Traditional AI, which excels at analysis and automation, has been in use for some time now. GenAI, a more recent arrival, is all about creating sophisticated new content, designed to imitate what a skilled human could produce. Automating work and deriving cost savings are just the beginning of what could be an extraordinary chapter in GCC banking. Yet, the real opportunity lies gen ai in banking in harnessing generative AI to fuel growth—assuming the latest innovations do not overwhelm banks and result in a loss of control. In the US and Europe, challenger banks have lost some of their luster with the realization that banking is built on relationships and that retaining customer loyalty necessitates a presence across multiple—often unexciting—business clusters.

Many banks are prioritizing legacy automation capabilities (e.g., robotic process automation) in back-office functions. A clear majority of respondents say their banks are waiting for further development and testing before prioritizing front-office use cases. Economic realities are limiting banks’ investments in all technologies and GenAI is no exception.

As much processing power, computing and energy as it takes to create a model, it takes multiples of that to maintain it. Spin up thousands of different models across the enterprise and the costs rapidly multiply (as do carbon emissions). While the efficiency of existing models is rising and the cost of deploying LLMs is dropping, the market continues to see newer, larger and more capable models being deployed.

Synthetic data could also lead to a better customer experience through the designing and testing of new propositions, such as loans or investments.

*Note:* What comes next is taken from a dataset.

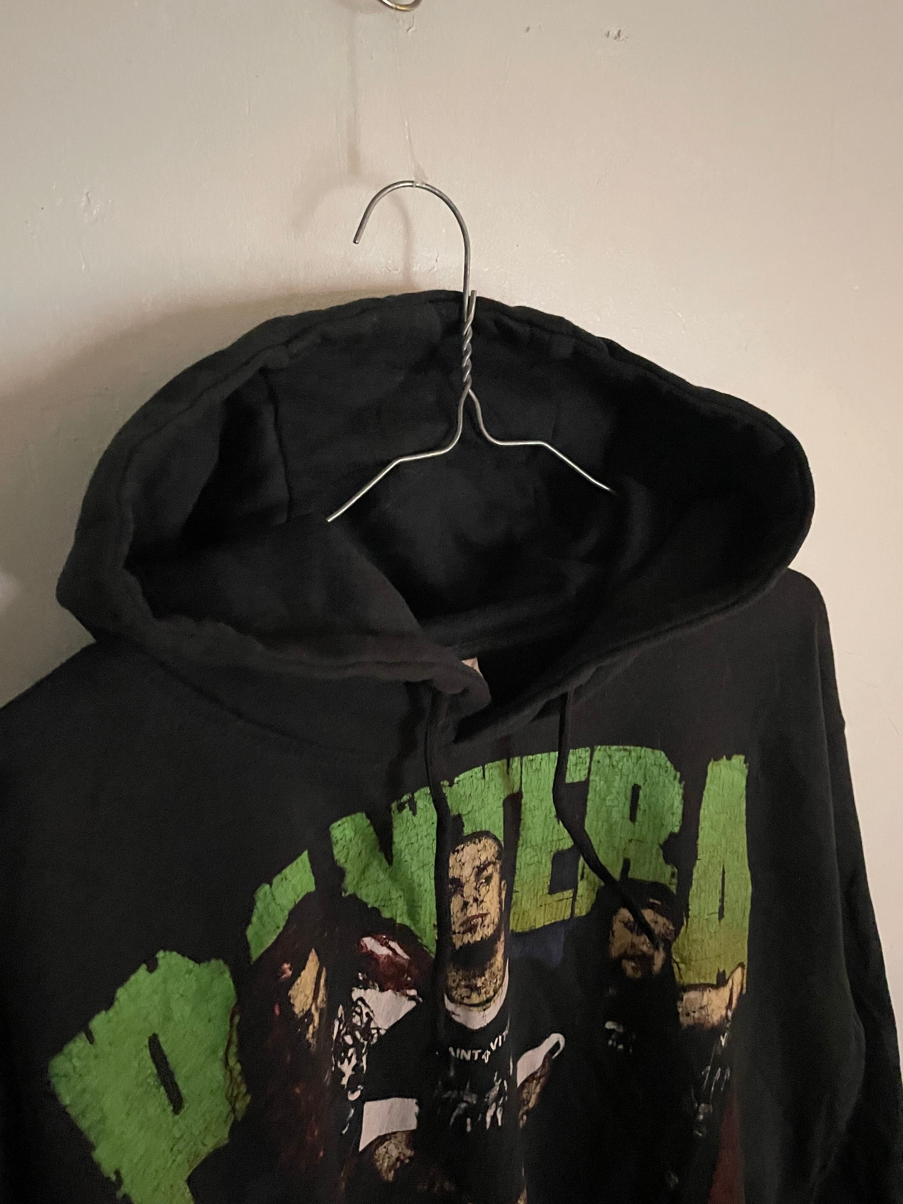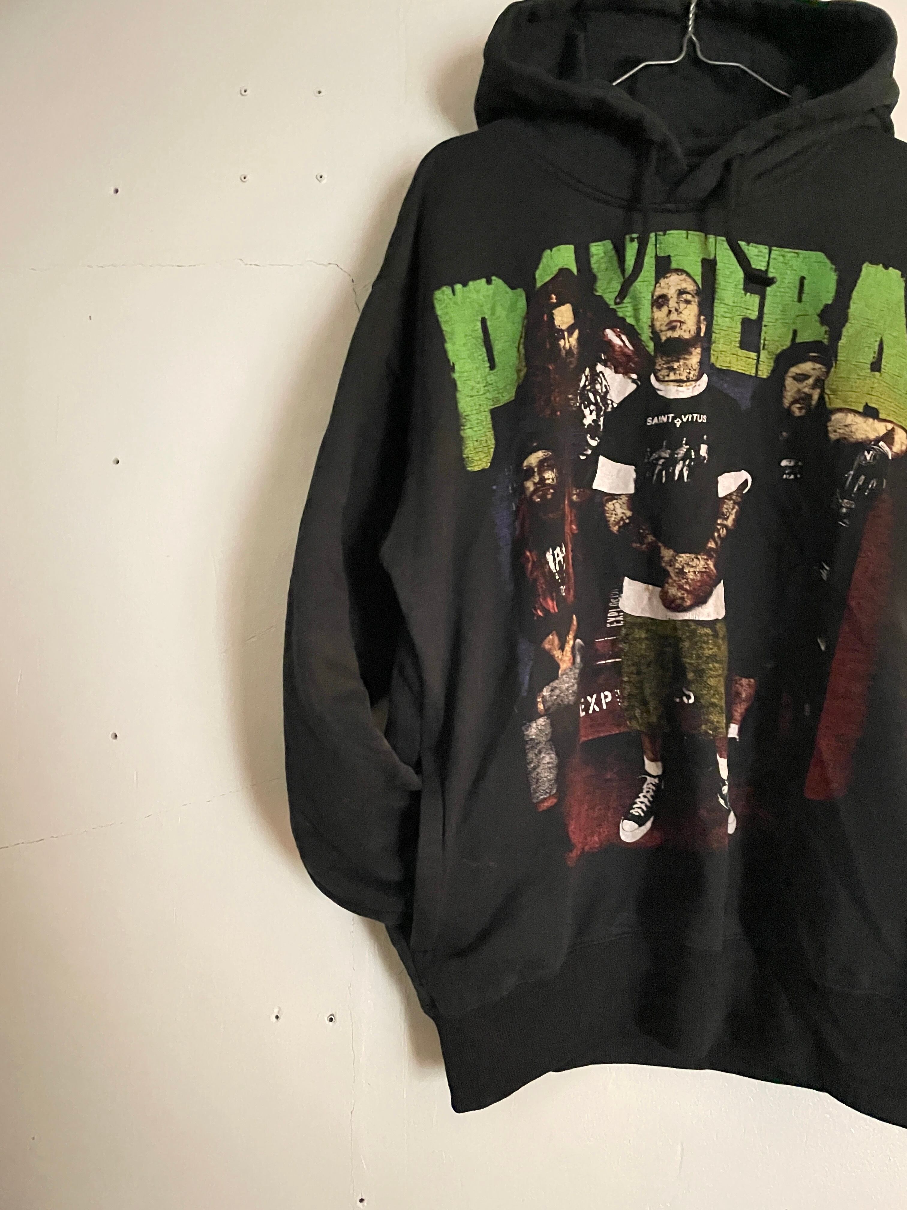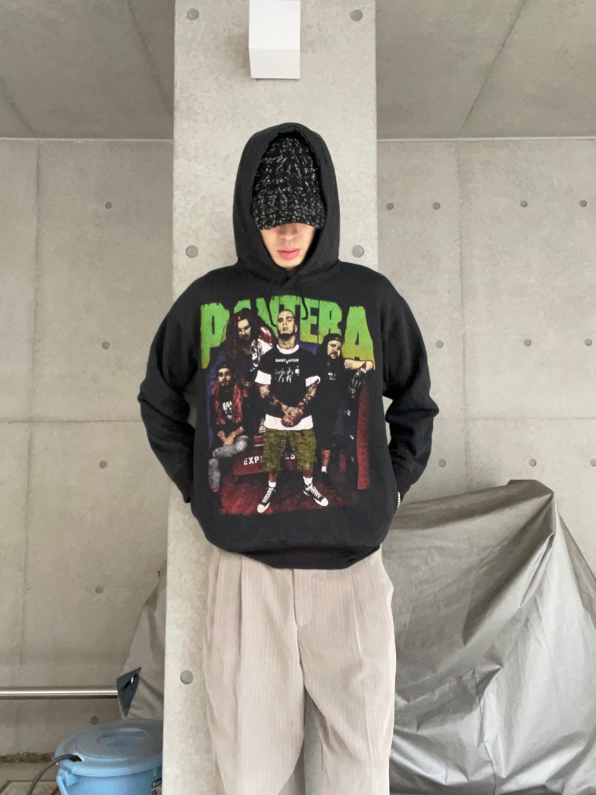 ブラックボディに、アメリカのヘヴィメタルバンド”パンテラ”のグラフィックプリントが施されたパーカー。フロントには大きく、ネオングリーンのバンドロゴと共に、かっこいいメンバーのフォトプリント。文句なしでクールなデザイン。バックにもパンテラのネームプリントが施されています。バンドパーカーは、年々数が減ってきているので、かなり希少かと思います。大き過ぎず、小さ過ぎないサイズ感なので、男女共におすすめしたい一着です。

Banks can use the data to simulate how customers might respond to these new products or to other scenarios, like a financial recession. Some FS firms are already trialing tools in this space, but it may take some time before they are truly enterprise ready. At Impactsure Technologies, we’ve helped clients of banks generate guarantees and contracts through preapproved clauses in a matter of a few seconds without the need to go through a complex process of vetting that would have otherwise taken many days. It not only enhances the customer experience but also makes it easier to manage the processes efficiently.

Financial institutions are exploring the potential of generative AI to enhance their operations while navigating a regulatory landscape that emphasizes caution and due diligence. Regulatory bodies are concerned with the ethical implications, transparency, and accountability of AI systems. As such, financial institutions must balance innovation with regulatory compliance, ensuring that AI applications are transparent, auditable, consistent, and align with existing legal frameworks. The current atmosphere reflects a cautious optimism, with institutions actively seeking ways to harness AI’s benefits while mitigating potential risks.

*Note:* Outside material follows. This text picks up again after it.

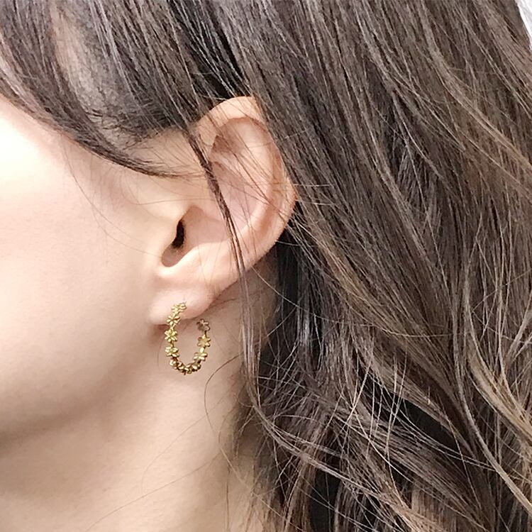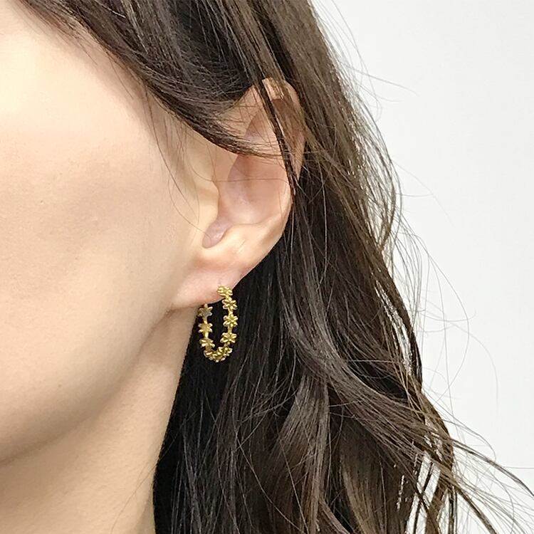 小さなお花モチーフが続く大人かわいいデザインのフープピアスです。ディリー、カジュアル、おでかけやパーティーなどにもご愛用いただけるオールマイティーなピアスです。

To mitigate these risks, banks need to implement additional security measures, particularly in securing data, ensuring its accuracy and completeness, and maintaining service availability. GenAI is revolutionising the banking industry by enhancing operational efficiency and customer satisfaction. As the market moves toward cashless banking, GenAI introduces a unique opportunity for banks to explore untapped possibilities and overcome existing limitations. While such front-office use cases can yield high-profile wins, they can also create new risks. Appropriate controls should inform initial planning and ­­help minimize the risk of damage to service quality, customer satisfaction and the bank’s brand and reputation. Banks must also recognize that regulators will pay particular attention to customer-facing use cases and those where AI enables automated decisioning.